Exactly the lines below, starting with the one containing "Arsamızın içinde yaklaşık" and going on through the one containing "以云計(jì)算綜合標(bi", must be reproduced, both ends included, and no pictures with them.

START DATA EXTRACTS

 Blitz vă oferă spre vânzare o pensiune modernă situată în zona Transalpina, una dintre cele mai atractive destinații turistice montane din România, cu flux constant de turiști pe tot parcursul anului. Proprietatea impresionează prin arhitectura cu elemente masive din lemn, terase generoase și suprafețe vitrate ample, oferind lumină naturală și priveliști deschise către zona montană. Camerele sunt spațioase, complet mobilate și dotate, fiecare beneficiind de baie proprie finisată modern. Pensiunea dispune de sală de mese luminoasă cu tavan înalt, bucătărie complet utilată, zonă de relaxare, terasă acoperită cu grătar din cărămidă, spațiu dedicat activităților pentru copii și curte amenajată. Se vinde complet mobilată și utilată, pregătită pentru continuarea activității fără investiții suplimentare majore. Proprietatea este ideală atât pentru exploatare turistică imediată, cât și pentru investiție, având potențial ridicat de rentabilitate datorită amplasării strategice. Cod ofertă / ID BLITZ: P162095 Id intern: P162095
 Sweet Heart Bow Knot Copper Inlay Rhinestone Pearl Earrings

END DATA EXTRACTS
START DATA EXTRACTS

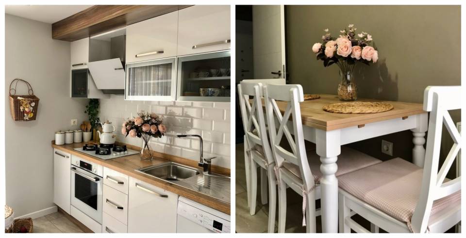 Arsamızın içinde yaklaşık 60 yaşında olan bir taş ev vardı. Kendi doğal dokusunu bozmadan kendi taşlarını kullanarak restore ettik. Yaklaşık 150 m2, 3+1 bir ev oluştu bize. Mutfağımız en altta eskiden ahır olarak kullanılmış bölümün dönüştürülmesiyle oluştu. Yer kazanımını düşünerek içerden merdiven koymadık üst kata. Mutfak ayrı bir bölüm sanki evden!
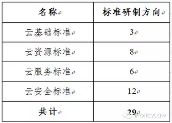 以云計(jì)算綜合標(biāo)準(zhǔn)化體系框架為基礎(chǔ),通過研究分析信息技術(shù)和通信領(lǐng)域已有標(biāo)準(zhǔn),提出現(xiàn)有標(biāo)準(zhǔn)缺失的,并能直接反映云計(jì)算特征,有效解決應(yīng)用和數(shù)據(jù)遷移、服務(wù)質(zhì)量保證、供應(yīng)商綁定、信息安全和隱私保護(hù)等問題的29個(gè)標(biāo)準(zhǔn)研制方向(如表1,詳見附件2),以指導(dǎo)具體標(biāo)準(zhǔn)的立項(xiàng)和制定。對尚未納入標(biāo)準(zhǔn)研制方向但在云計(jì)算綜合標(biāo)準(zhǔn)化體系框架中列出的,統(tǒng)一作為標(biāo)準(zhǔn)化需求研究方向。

END DATA EXTRACTS
START DATA EXTRACTS

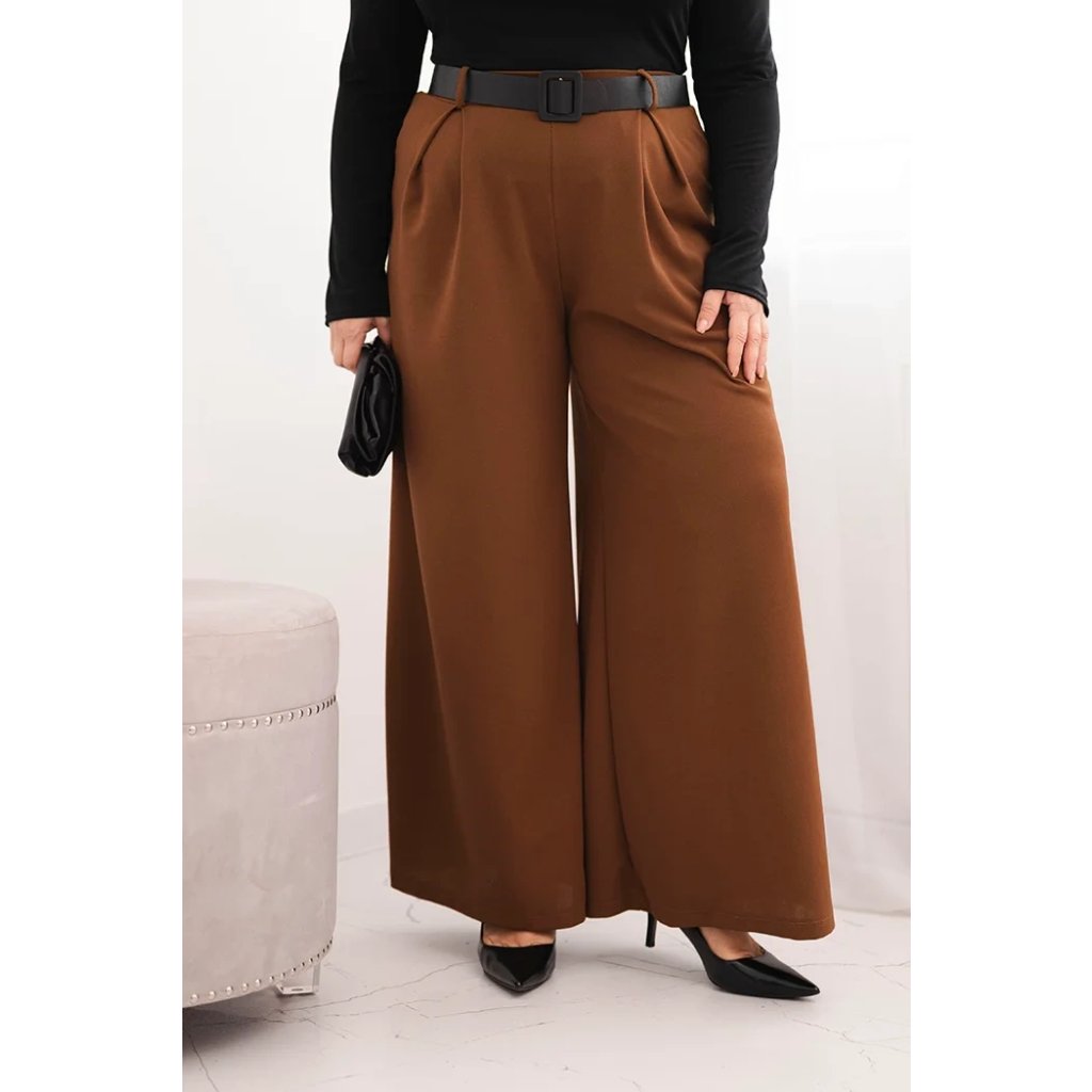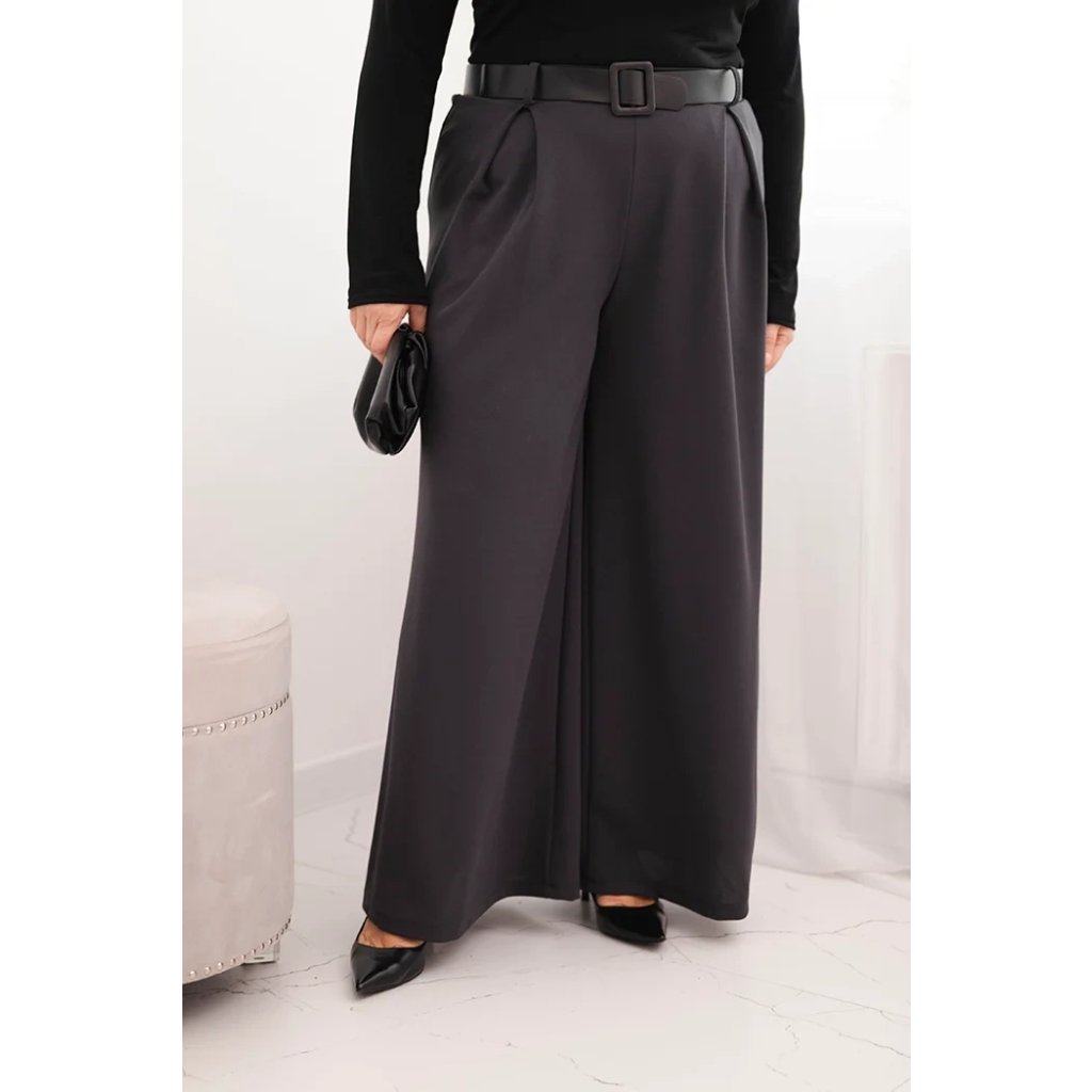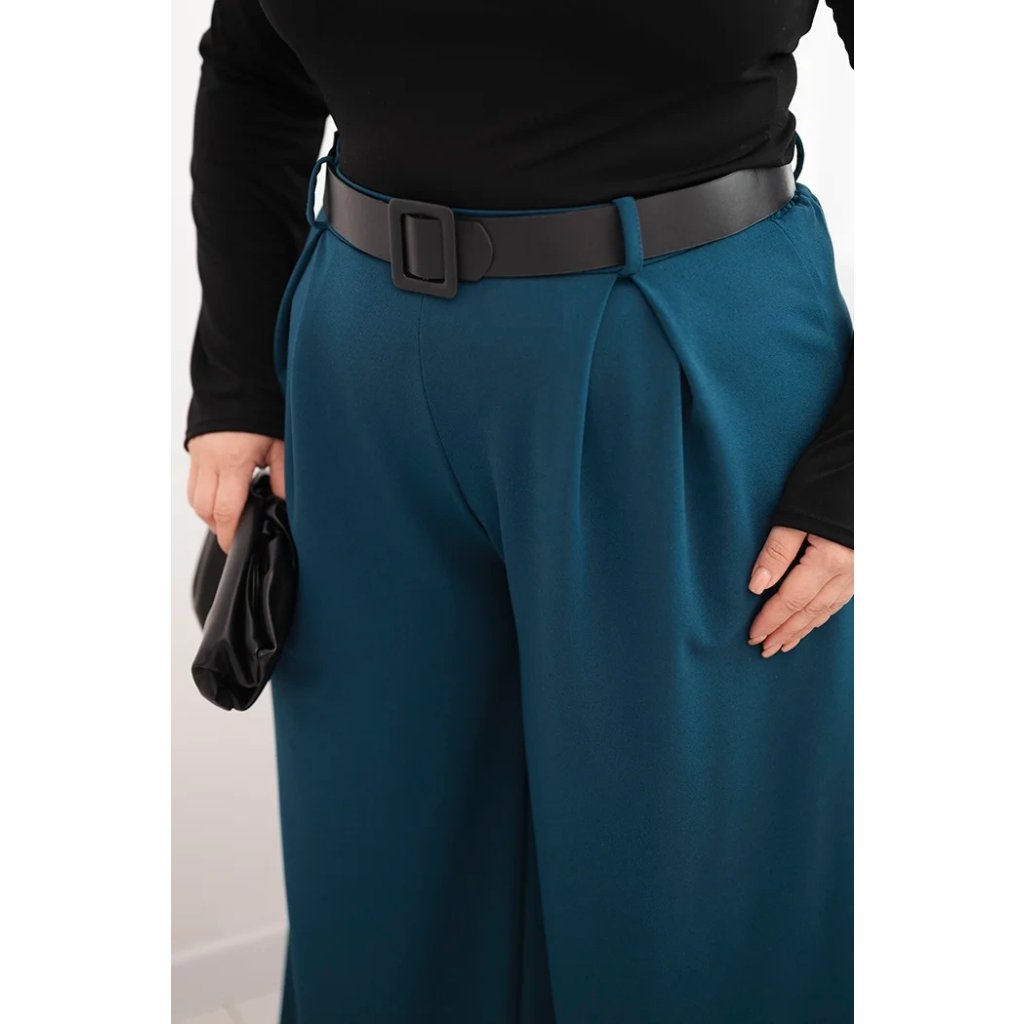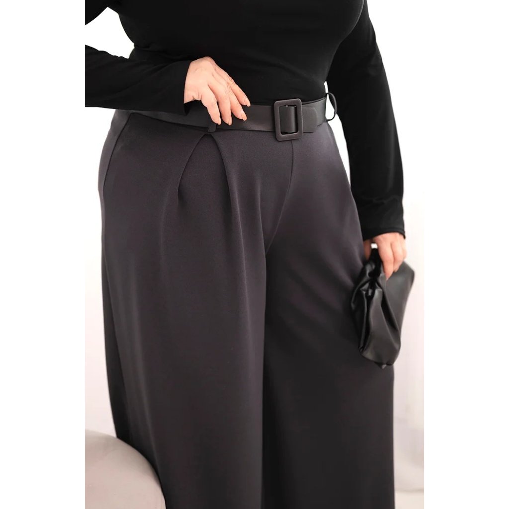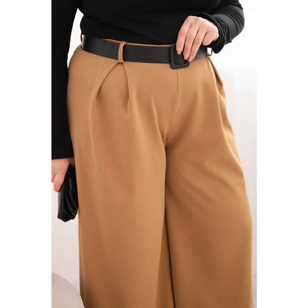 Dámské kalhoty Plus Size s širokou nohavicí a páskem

END DATA EXTRACTS

* FINISHED EXERCISE *
 Arsamızın içinde yaklaşık 60 yaşında olan bir taş ev vardı. Kendi doğal dokusunu bozmadan kendi taşlarını kullanarak restore ettik. Yaklaşık 150 m2, 3+1 bir ev oluştu bize. Mutfağımız en altta eskiden ahır olarak kullanılmış bölümün dönüştürülmesiyle oluştu. Yer kazanımını düşünerek içerden merdiven koymadık üst kata. Mutfak ayrı bir bölüm sanki evden!
 以云計(jì)算綜合標(biāo)準(zhǔn)化體系框架為基礎(chǔ),通過研究分析信息技術(shù)和通信領(lǐng)域已有標(biāo)準(zhǔn),提出現(xiàn)有標(biāo)準(zhǔn)缺失的,并能直接反映云計(jì)算特征,有效解決應(yīng)用和數(shù)據(jù)遷移、服務(wù)質(zhì)量保證、供應(yīng)商綁定、信息安全和隱私保護(hù)等問題的29個(gè)標(biāo)準(zhǔn)研制方向(如表1,詳見附件2),以指導(dǎo)具體標(biāo)準(zhǔn)的立項(xiàng)和制定。對尚未納入標(biāo)準(zhǔn)研制方向但在云計(jì)算綜合標(biāo)準(zhǔn)化體系框架中列出的,統(tǒng)一作為標(biāo)準(zhǔn)化需求研究方向。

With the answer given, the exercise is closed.